The core assumption of this theory, however — that merely bringing Palestinians and Israelis together in one place and perhaps working on matters of shared interest will significantly change perceptions or reduce prejudices of one group toward the other, regardless of their circumstances and living conditions — is highly problematic. Specifically, USAID seeks to achieve the highest level of peacebuilding in an environment that is far from post-conflict and in which none of the underlying sources of conflict have been addressed, much less resolved. At best, USAID programs in the Israeli-Palestinian context could be seen as an attempt to manage the conflict with the goal of damage control through temporary localized efforts for a limited number of people from the conflicting parties. But without an attempt to address the root causes of the conflict, challenge the power asymmetry, or otherwise work towards creating conditions for sustainable conflict resolution, they do not qualify as credible attempts at reconciliation. Moreover, this approach could be seen by many in the conflict resolution field as a form of artificial peacebuilding that is disconnected from local political, social, cultural, and economic realities, especially of the Palestinians.
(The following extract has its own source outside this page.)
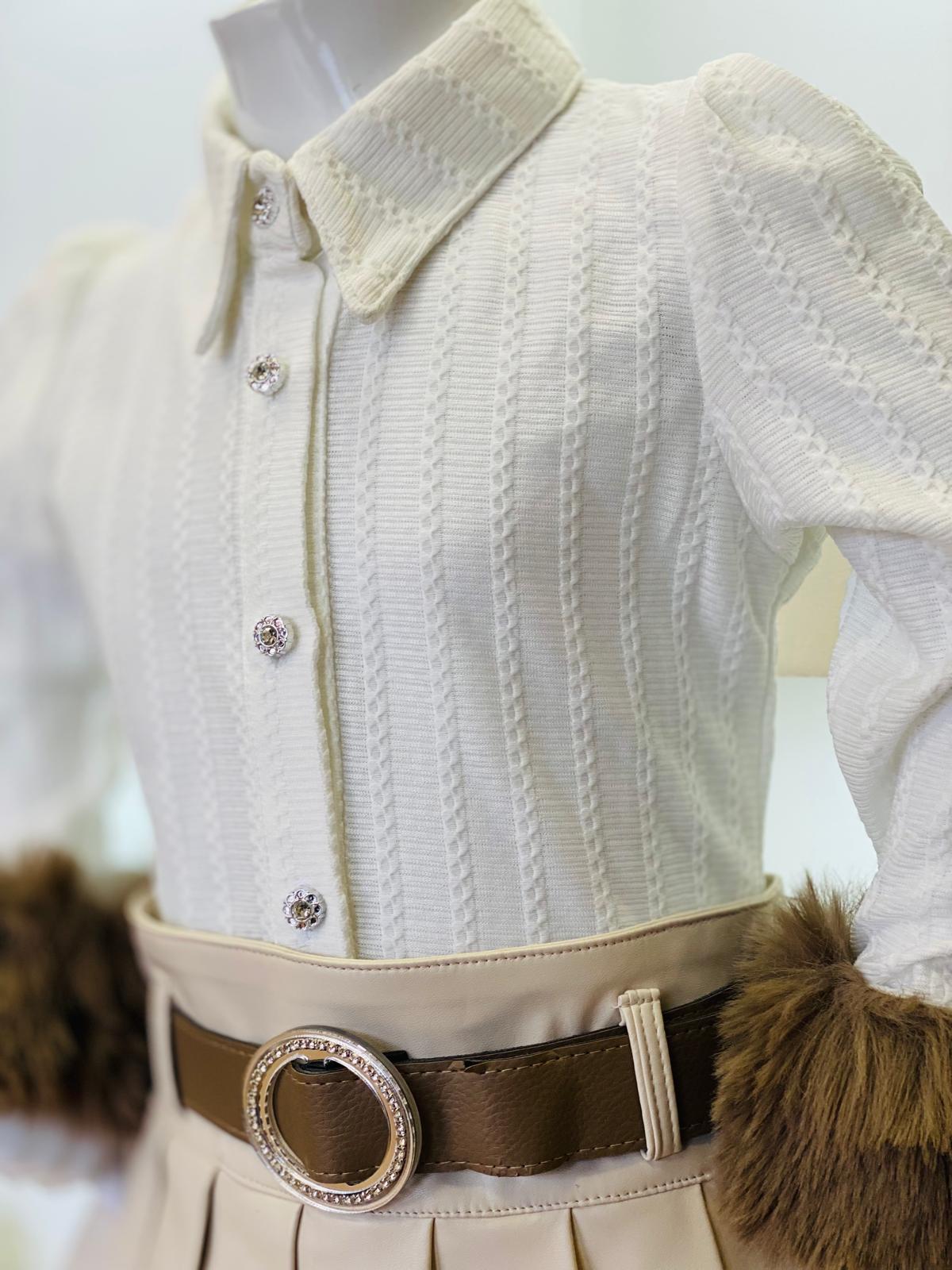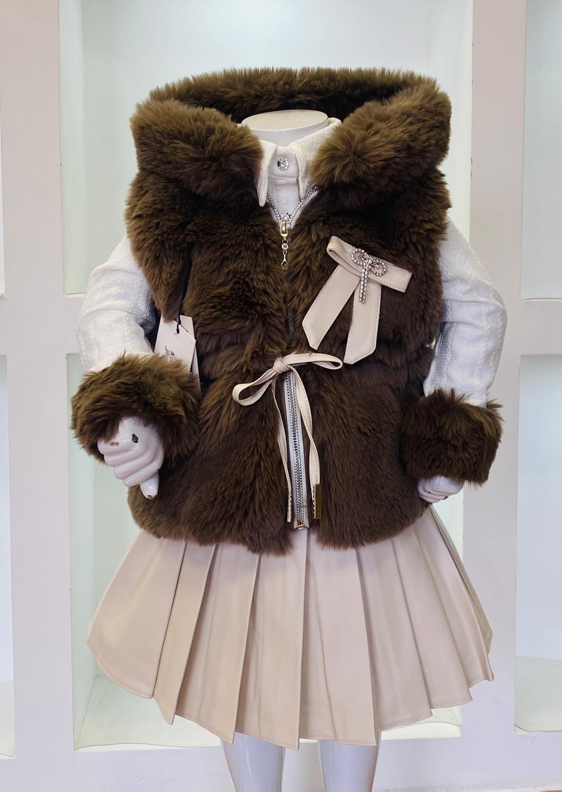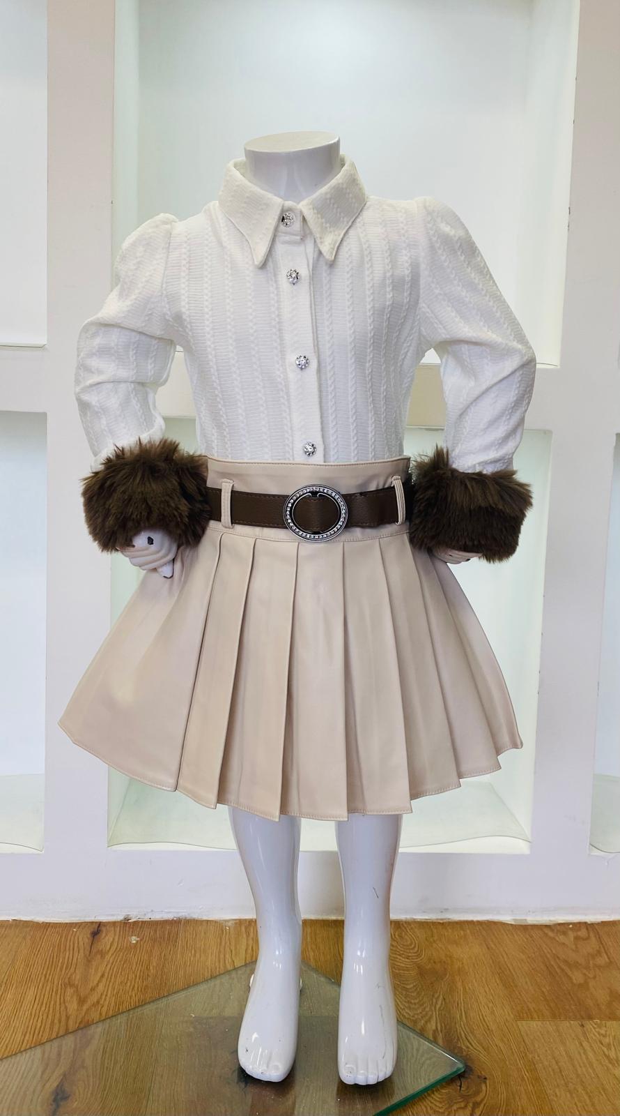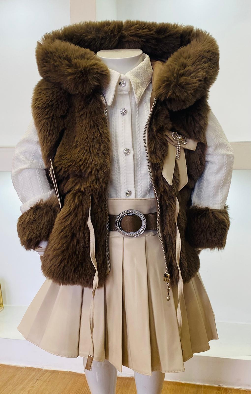 سترة فرو بدون اكمام مع تنورة وبلوزة

In order to pursue reconciliation, there must be some basic minimum conditions, first and foremost an acknowledgment of the stark power asymmetries between the two sides and an effort to change them, as in the South African case. After the dismantling of the Apartheid regime, Blacks and whites had more or less equal access to political power, land and other resources, mobility, and so on. In the Israeli-Palestinian context, however, the two sides continue to live in highly unequal realities. Palestinians are still living under a colonial regime in which they are dependent on Israelis and have little or no control over key aspects of their daily lives, such as natural resources, borders, internal movement and access, and so on. This inequality can be seen clearly today in access to COVID-19 vaccines, for example; whereas Israel has managed to vaccinate a majority of its citizens, only a tiny fraction of Palestinians living under Israeli rule in Gaza and the West Bank have been vaccinated.

As a result of this power asymmetry, the basic needs for security, identity, and recognition are different for Palestinians and Israelis. Since each side lives a different reality, these terms do not mean the same thing. For a Palestinian, recognition and security mean dismantling the military occupation, removing settlements, and ensuring freedom of movement; for an Israeli, who already has the ability to move about freely, their identity and recognition have already been secured by the establishment of the state in which they have control over all its territories in which accountability for human rights violations, historical responsibility, and mutual recognition are even considered?

Proponents of the Lowey Fund and similar initiatives might argue that while these CMM and P2P programs may be flawed or insufficient, they are still better than nothing. In reality, however, such programs may do more harm than good by sustaining the inequalities between the two sides and thereby maintaining the conflict.


How Effective is the Lowey Fund Likely to Be?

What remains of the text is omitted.